Exercise objective
No pictures belong in the copy. Retype exactly, and only, the stretch of lines below from the one with "At 9 inches" through the one with "此尊长筒形颈,斜肩,直腹,平".

Dataset records: Begin

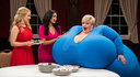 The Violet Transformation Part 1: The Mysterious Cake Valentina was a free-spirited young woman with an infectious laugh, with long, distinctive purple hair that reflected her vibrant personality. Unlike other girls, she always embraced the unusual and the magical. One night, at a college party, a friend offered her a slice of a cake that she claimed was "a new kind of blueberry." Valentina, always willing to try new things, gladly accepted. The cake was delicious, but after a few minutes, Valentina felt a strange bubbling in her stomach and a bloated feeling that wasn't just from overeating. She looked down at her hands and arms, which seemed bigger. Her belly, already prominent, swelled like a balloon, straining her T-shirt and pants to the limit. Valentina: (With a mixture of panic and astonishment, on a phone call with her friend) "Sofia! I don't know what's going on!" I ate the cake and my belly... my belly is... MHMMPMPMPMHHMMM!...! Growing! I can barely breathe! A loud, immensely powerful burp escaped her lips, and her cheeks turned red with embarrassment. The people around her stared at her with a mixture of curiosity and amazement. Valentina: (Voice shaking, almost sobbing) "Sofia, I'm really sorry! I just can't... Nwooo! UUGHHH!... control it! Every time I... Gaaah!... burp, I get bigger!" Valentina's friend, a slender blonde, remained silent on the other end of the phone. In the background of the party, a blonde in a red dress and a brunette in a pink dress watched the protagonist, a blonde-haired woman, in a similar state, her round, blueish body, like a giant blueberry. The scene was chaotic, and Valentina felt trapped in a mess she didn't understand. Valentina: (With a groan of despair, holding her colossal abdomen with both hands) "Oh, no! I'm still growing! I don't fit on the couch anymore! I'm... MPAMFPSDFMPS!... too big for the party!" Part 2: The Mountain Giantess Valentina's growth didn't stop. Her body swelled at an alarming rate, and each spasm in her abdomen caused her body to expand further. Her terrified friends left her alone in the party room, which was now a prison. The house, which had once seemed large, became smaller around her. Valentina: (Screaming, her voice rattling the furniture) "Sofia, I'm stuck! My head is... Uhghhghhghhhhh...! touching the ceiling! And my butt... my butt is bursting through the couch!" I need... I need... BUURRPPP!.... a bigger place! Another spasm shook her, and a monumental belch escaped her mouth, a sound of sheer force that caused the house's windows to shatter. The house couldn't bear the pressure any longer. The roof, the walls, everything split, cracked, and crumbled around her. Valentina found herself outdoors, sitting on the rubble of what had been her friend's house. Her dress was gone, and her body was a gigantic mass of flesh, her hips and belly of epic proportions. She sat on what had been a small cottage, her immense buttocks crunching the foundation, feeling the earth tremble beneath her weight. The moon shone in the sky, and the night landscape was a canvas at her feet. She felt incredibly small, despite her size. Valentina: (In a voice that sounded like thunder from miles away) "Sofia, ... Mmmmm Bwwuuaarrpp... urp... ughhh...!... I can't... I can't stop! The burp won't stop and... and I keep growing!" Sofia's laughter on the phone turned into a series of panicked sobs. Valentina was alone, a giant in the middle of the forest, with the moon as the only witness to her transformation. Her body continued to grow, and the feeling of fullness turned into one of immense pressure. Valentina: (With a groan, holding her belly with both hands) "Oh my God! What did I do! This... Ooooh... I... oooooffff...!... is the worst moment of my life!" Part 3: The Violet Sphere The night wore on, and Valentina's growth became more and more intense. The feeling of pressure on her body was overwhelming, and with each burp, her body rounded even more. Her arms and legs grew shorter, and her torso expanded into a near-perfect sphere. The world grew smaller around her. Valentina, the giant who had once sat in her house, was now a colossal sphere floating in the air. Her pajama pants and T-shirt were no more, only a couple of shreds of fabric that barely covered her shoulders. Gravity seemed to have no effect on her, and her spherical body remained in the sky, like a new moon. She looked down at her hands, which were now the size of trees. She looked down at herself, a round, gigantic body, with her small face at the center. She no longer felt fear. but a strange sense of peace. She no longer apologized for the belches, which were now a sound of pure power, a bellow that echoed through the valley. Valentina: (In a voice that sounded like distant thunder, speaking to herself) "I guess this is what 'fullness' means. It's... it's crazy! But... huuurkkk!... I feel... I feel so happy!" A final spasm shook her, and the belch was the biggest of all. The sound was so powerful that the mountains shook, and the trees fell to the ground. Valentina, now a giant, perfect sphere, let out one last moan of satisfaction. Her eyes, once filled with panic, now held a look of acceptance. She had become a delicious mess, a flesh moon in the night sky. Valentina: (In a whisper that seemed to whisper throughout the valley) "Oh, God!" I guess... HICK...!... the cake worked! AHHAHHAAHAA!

Dataset records: End
Dataset records: Begin

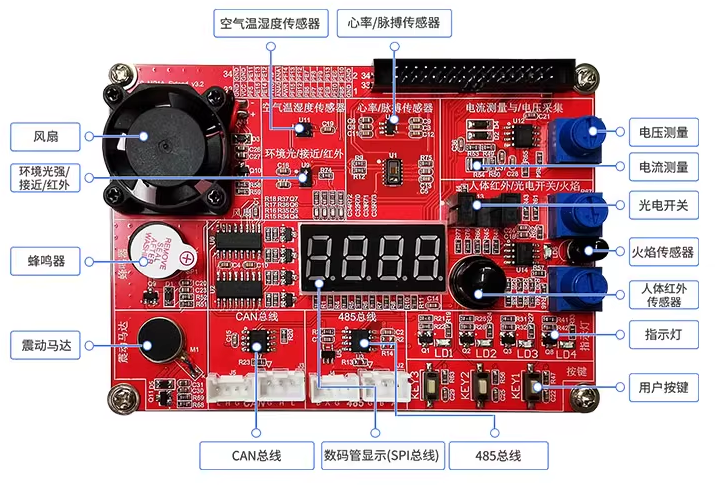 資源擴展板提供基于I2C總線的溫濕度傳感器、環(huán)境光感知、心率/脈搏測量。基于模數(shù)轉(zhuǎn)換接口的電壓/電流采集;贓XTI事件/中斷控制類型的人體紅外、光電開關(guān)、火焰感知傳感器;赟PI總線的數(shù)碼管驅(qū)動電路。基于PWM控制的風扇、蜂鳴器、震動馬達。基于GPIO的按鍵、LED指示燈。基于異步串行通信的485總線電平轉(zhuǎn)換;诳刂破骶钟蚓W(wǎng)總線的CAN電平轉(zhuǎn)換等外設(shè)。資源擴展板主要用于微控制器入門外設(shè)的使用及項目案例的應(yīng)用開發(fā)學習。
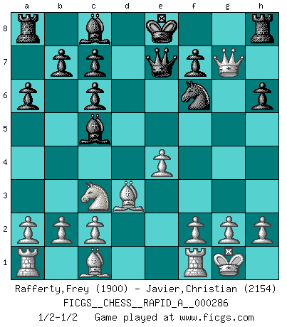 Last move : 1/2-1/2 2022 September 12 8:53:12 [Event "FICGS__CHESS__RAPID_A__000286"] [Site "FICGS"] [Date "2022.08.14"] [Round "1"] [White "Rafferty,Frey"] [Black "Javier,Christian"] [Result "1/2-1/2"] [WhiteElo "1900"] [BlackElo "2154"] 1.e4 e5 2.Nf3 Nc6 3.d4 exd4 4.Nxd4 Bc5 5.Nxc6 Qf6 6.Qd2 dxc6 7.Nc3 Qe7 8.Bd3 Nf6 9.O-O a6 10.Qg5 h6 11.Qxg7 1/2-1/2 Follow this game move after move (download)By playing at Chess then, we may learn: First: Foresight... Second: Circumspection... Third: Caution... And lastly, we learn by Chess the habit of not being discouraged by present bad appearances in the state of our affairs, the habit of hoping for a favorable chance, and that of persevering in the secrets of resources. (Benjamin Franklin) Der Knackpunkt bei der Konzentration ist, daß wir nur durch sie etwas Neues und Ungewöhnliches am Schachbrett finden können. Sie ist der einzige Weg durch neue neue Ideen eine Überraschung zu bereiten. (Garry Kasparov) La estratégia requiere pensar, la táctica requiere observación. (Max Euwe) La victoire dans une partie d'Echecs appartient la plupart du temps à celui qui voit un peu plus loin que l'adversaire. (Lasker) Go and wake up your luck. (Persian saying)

Dataset records: End
Dataset records: Begin

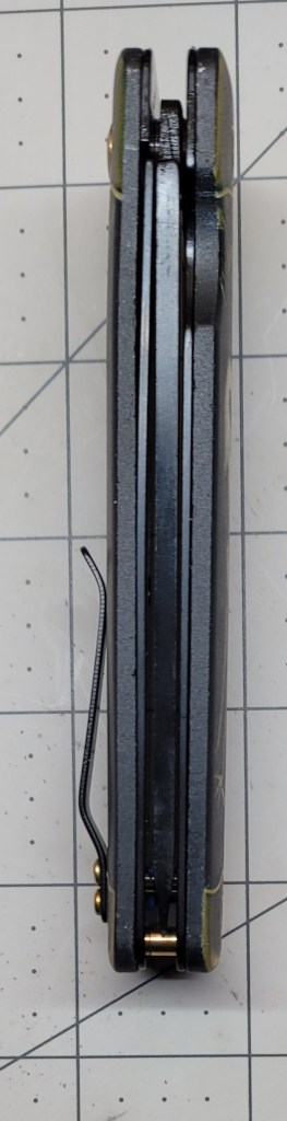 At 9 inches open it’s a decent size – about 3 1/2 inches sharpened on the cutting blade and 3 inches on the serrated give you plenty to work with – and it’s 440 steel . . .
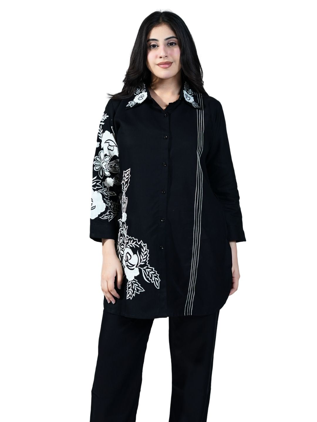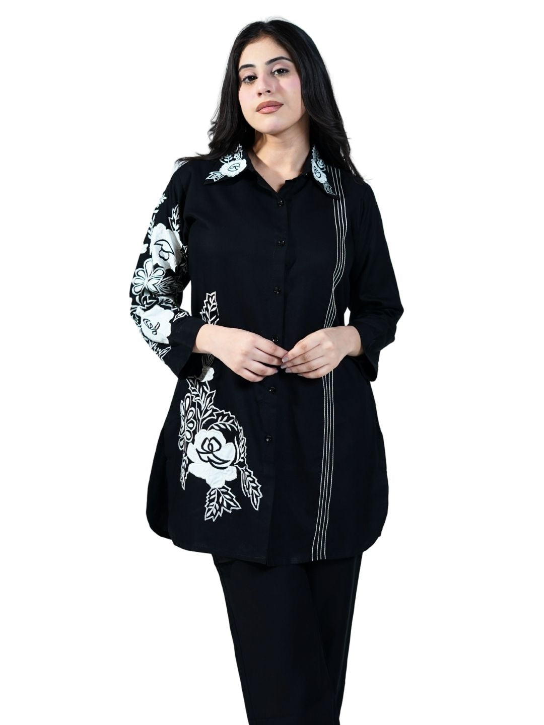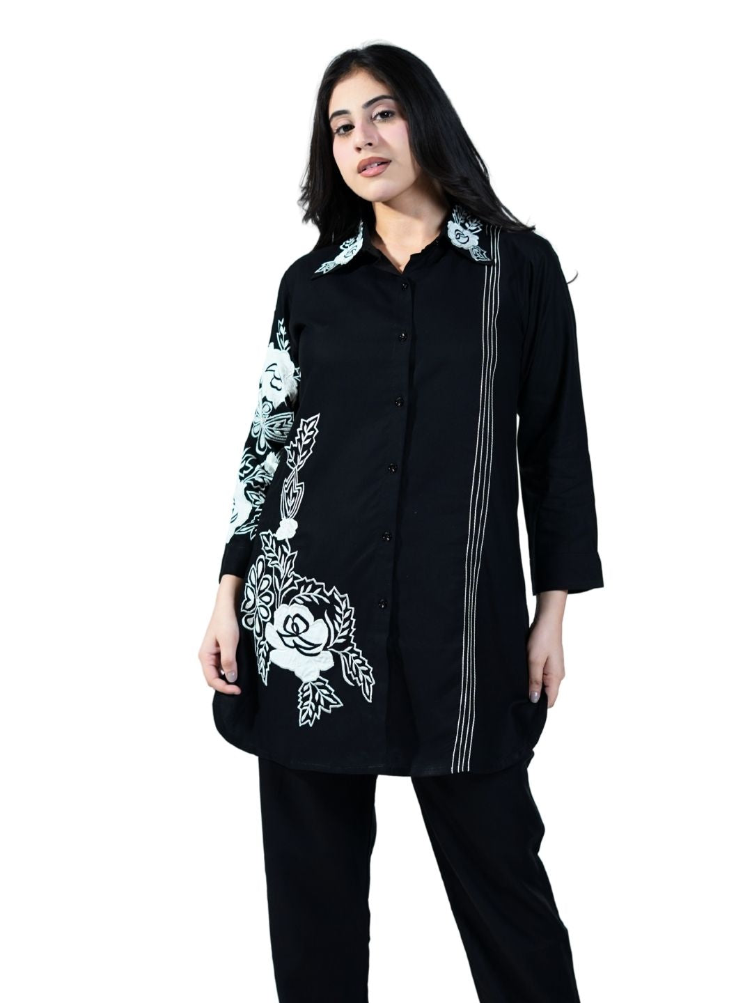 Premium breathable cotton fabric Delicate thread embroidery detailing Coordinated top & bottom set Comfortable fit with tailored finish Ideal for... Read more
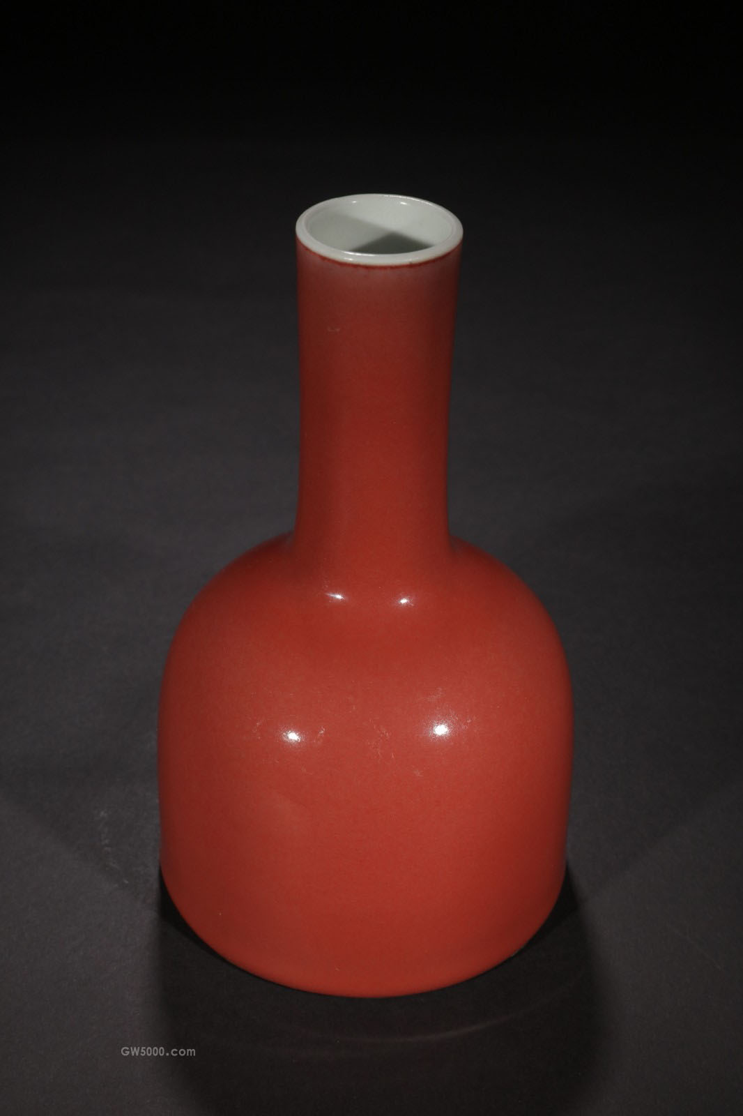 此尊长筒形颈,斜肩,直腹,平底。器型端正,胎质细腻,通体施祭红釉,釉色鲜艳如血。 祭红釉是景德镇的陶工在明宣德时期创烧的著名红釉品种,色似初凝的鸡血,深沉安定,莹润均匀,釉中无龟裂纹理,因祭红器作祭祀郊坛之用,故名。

Dataset records: End

Result for this task
 At 9 inches open it’s a decent size – about 3 1/2 inches sharpened on the cutting blade and 3 inches on the serrated give you plenty to work with – and it’s 440 steel . . .
 Premium breathable cotton fabric Delicate thread embroidery detailing Coordinated top & bottom set Comfortable fit with tailored finish Ideal for... Read more
 此尊长筒形颈,斜肩,直腹,平底。器型端正,胎质细腻,通体施祭红釉,釉色鲜艳如血。 祭红釉是景德镇的陶工在明宣德时期创烧的著名红釉品种,色似初凝的鸡血,深沉安定,莹润均匀,釉中无龟裂纹理,因祭红器作祭祀郊坛之用,故名。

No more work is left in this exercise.